La ville avec ses marges

Les villes attirent les personnes. Cependant, elles sont pensées pour des hommes jeunes, actifs et valides. Elles sont aussi bien « handicapogènes » que « jeunistes » et « andro-centrique » (Armbruster Elatifi, 2022, p.161). Aujourd’hui, cette vision se transforme mettant davantage en avant la ville inclusive et durable. Par ailleurs, la planification de la ville doit prendre en compte les enjeux nouveaux comme le réchauffement climatique, le vieillissement de la population, la transition écologique, les inégalités sociales de santé, etc. L’aménagement urbain implique de plus en plus de participation citoyenne, parfois qualifiée d’impératif (Blondiaux & Sintomer, 2002). Cependant si les usager.ère.s anticipé.e.s sont associé.e.s à la fabrique de l’urbain via des processus participatifs, les publics marginalisés restent largement en dehors de ces processus. En effet, les processus participatifs réussis sont bien souvent évalués numériquement en fonction du nombre de participant.e.s sans que soient questionnées les caractéristiques socio-économiques de ces dernier.ière.s. Ce projet se situe de ce fait à l’intersection entre le social, la santé et la fabrication de l’urbain.
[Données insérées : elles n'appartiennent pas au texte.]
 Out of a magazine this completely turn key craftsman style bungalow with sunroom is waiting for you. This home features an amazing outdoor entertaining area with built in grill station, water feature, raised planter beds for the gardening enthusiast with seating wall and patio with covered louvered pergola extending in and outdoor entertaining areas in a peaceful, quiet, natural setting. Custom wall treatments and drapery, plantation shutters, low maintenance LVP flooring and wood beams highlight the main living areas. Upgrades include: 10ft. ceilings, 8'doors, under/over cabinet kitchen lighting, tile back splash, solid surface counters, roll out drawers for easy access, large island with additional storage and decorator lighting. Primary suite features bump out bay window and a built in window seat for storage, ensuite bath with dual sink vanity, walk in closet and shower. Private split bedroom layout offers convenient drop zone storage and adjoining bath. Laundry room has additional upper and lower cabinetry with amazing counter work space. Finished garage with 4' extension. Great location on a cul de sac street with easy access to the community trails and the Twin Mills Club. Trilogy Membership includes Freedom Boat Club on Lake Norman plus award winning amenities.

Le projet s’inscrit, d’une part, dans une réflexion globale de la ville qui intègre les problématiques de précarité et de vulnérabilité. Dans cette perspective, les personnes dites en marge se trouvent au centre de notre projet : les personnes précarisées, et grandement précarisées à l’instar des personnes sans-abri. C’est à partir de ces publics que les enjeux sociaux dans les planifications urbaines et leur mise en œuvre peuvent être étudiés, cristallisés, mis en relief. La discrimination et l’exclusion s’expriment à travers les aménagements urbains. Quelles sont les caractéristiques des espaces urbains choisis par ce public ? Comment les adapter pour répondre aux besoins de ses usager.ère.s ? Il faut donc partir des expériences, des expertises de l’espace urbain des personnes précarisées.
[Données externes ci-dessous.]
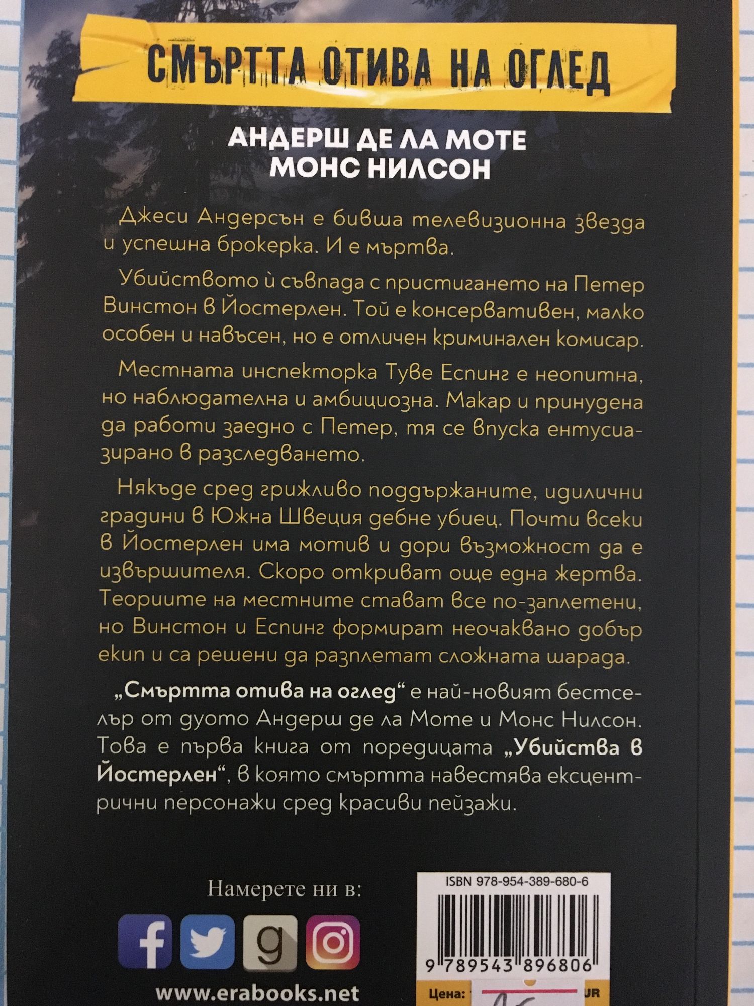 Джеси Андерсън е бивша телевизионна звезда и успешна брокерка. И е мъртва. Убийството й съвпада с пристигането на Петер Винстон в Йостерлен. Той е консервативен, малко особен и навъсен, но е отличен криминален комисар. Местната инспекторка Туве Еспинг е неопитна, но наблюдателна и амбициозна. Макар и принудена да работи заедно с Петер, тя се впуска ентусиазирано в разследването. Някъде сред грижливо поддържаните, идилични градини в Южна Швеция дебне убиец. Почти всеки в Йостерлен има мотив и дори възможност да е извършителя. Скоро откриват още една жертва. Теориите на местните стават все по-заплетени, но Винстон и Еспинг формират неочаквано добър екип и са решени да разплетат сложната шарада. „Смъртта отива на оглед“ е най-новият бестселър от дуото Андерш де ла Моте и Монс Нилсон. Това е първа книга от поредицата „Убийства в Йостерлен“, в която смъртта навестява ексцентрични персонажи сред красиви пейзажи.
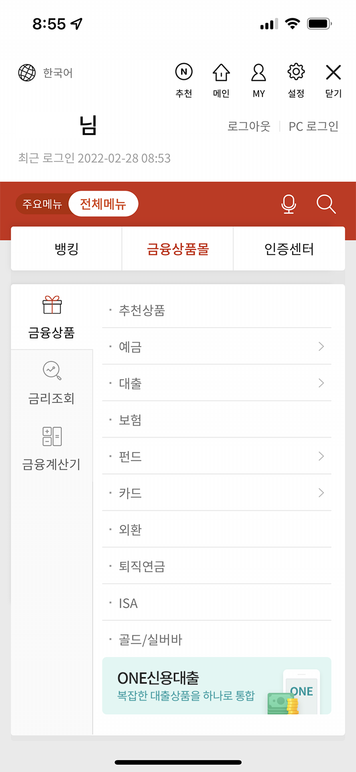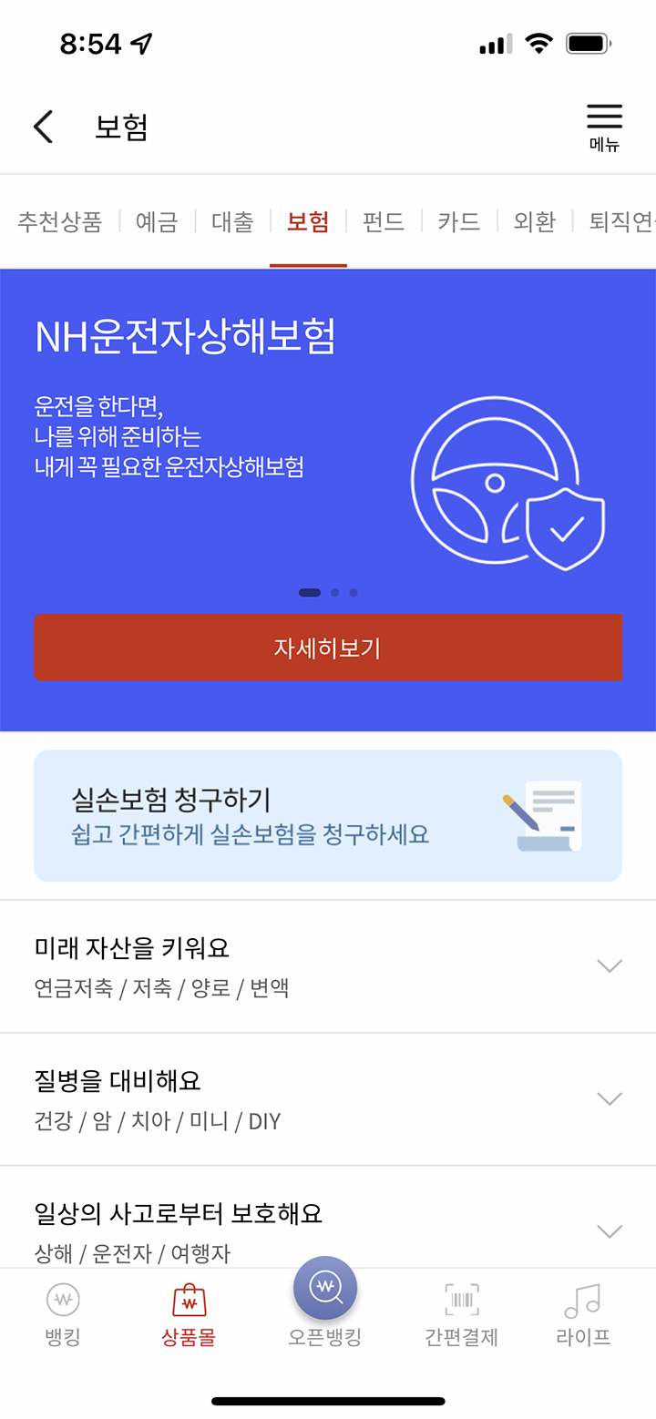 실손보험청구는 보험상품몰 메인 화면의 실손보험 청구 혹은 모바일뱅킹의 보험 카테고리의 실손보험 청구를 통해 진행 가능합니다.
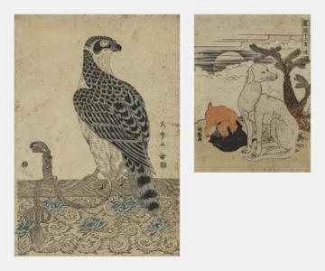 Faucon et chien, deux estampes, 25x18 et 38x25 cm. Provenance: c...

D’autre part, la ville aujourd’hui pose des questions en termes de santé de ses habitant.e.s notamment en lien avec le vieillissement de la population. La Suisse se caractérise par une espérance de vie des plus élevée. Même si les chiffres sont manquants, les personnes précarisées vivent également de plus en plus longtemps. Comment, dès lors, intégrer les enjeux de santé urbaine et la réduction des inégalités sociales de santé dans la réflexion sur les transitions urbaines ? Comment faire face aux enjeux de vieillissement des publics précarisés ? Comment intervenir sur l’environnement pour ne pas davantage prétériter la santé de ses usager.ère.s ?
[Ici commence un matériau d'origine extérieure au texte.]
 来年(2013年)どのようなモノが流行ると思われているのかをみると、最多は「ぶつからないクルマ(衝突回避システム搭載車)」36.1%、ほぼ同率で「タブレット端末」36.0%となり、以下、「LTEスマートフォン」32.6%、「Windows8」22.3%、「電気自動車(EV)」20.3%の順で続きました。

La problématique de notre recherche porte sur la question de la ville durable, inclusive et en santé. Aujourd’hui, la ville est pensée pour un public spécifique d’actifs et d’actives. Cependant, il est bien connu qu’elle est habitée par une hétérogénéité de personnes dont des personnes « indésirables », fabriquées par la ville. Pour cette raison, nous souhaitons regarder la ville à partir de ces populations précarisées et grandement précarisées. Nous nous intéressons à leur regard, leur vécu, leur expertise et leur expérience de l’urbain. Nous défendons le postulat que la ville doit être pensée en amont avec tous ses publics, ainsi seulement il est possible de créer des contextes de vie davantage favorable à la cohésion sociale, à la lutte contre les inégalités socio-sanitaires et urbaines. Comment l’aménagement urbain peut-il inclure les personnes en situation de grande précarité vieillissante dans ses réflexions afin que ces dernières puissent vivre l’urbain en qualité et en santé ? De ce fait, la recherche interroge la place de ces personnes dans l’espace urbain ainsi que dans le projet urbain.